In the event that there is no risk of physical access to the device or it is expected that the opponent does not have the necessary means to use certain controls or software, we certainly recommend the use of the Platform Signal.

For common use, the use of both platforms is acceptable.

1 https://www.ssi.gouv.fr/uploads/2017/10/chiffrement_messagerie_instantan...
2 https://scontent.whatsapp.net/v/t61/68135620_760356657751682_62129975288...)
3 https://faq.whatsapp.com/it/android/28000019/
4 https://robertheaton.com/2017/10/09/tracking-friends-and-strangers-using...
5 A "Google Dork" is a particular search, which exploits the power of the search engine and its indexing service. The Google engine has various search options, real "flags", which can be used to refine searches. Obviously, like any function, these flags can be used to find information or data, which normally should not be found.
6 https://www.whatsapp.com/legal/
7 https://faq.whatsapp.com/en/general/26000153/

Reference 1 - Keys and algorithms used by WhatsApp
Public keys used by WhatsApp:

Identity key pair: A long-term pair of keys, i.e. archived and stored by the application, of the Curve25519 type, generated during the installation phase.
Curve25519 is a 128-bit elliptical encryption.
An elliptical curve cryptography is a type of cryptography that uses a formula whose results, when placed on a plane, form an ellipse.

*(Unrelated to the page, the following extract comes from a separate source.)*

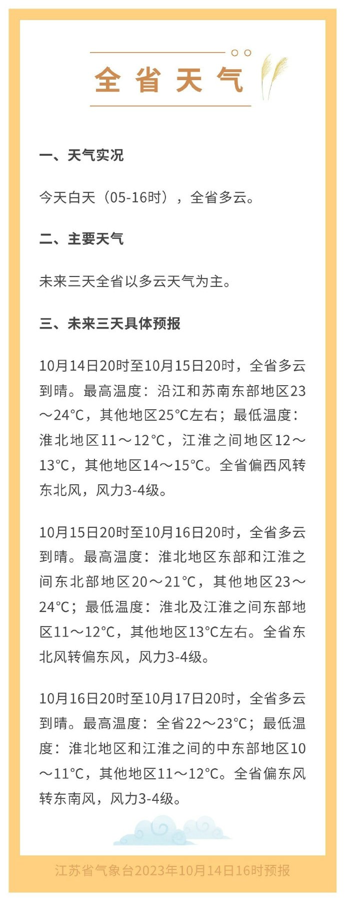 从10月14日20时至10月15日20时,江苏省全境将迎来多云到晴朗的天气。最高气温方面,沿江地区和苏南东部地区的最高气温预计在23~24℃之间,而其他地区将保持在25℃左右。夜间最低气温将有所不同,淮北地区最低气温在11~12℃之间,江淮之间地区为12~13℃,其他地区则在14~15℃之间。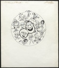 [Dibujo para portada índice Mampato N°1 al N°250] [original de arte] : Themo Lobos. Santiago : [Lord Cochrane], 1975. 1 dibujo : Tinta y lápiz ; 32 x 27,5 cm. .

Pair of pre-signed keys (Signed Pre-Key): A medium-term pair of keys, i.e. periodically changed, of the Curve25519 type, generated by the identity key during installation.

Key Queue (One-Time Pre-Keys): A series of pairs of Curve25519 keys, generated during installation and regenerable when necessary.

Types of Keys Used by WhatsApp for encrypted sessions:

Root Key: 32 byte value, used to generate the "Chain Keys".

Chain Key: 32 byte value, used to generate the "Message Keys"

Message Key: 80 byte value, used to encrypt the content of the data exchanged on WhatsApp.
This value is used in the following way:

32 bytes for the AES-256 key

32 bytes for the HMAC-SHA256 key

16 bytes to generate the IV

Advanced Encryption Standard (AES)
It is the encryption standard currently used by the United States government.
Unlike the algorithm seen above, AES is a symmetric encryption system, that is, it uses the same key for both encryption and decryption.
AES-256 is an implementation of AES that uses 256-bit keys.
HMAC-SHA256
HMAC (Keyed-hash Message Authentication Code) is a system that uses the original message plus a key to guarantee the authenticity and integrity of the message through hashes.
A hash is a fixed-length string generated by a mathematical function capable of sequentially “mapping” any type of input data, such as a text, audio or video file.
Integrity and authenticity are guaranteed as even the slightest modification of the input data will generate a hash totally different from the original.

An example:
String to be computed: HELLO
Hash: 39F119842EBE582F049160F44BCD99F4
Now notice the difference:
String to be computed: CIaO
Hash: 8C3E82238DF7A597C99EC0B70ACC4A58
The hash string is completely different from the previous one.
This effect, also brought about by the slightest change in the original value, is called the "avalanche effect".
SHA256 indicates that in this case the HMAC is calculated through the hash algorithm "SHA256".
IV (Initialization Vector)
The initialization vector is a precise bit sequence, which allows to have different cryptographic results even with identical keys and must be known to the recipient, who otherwise cannot decipher the message.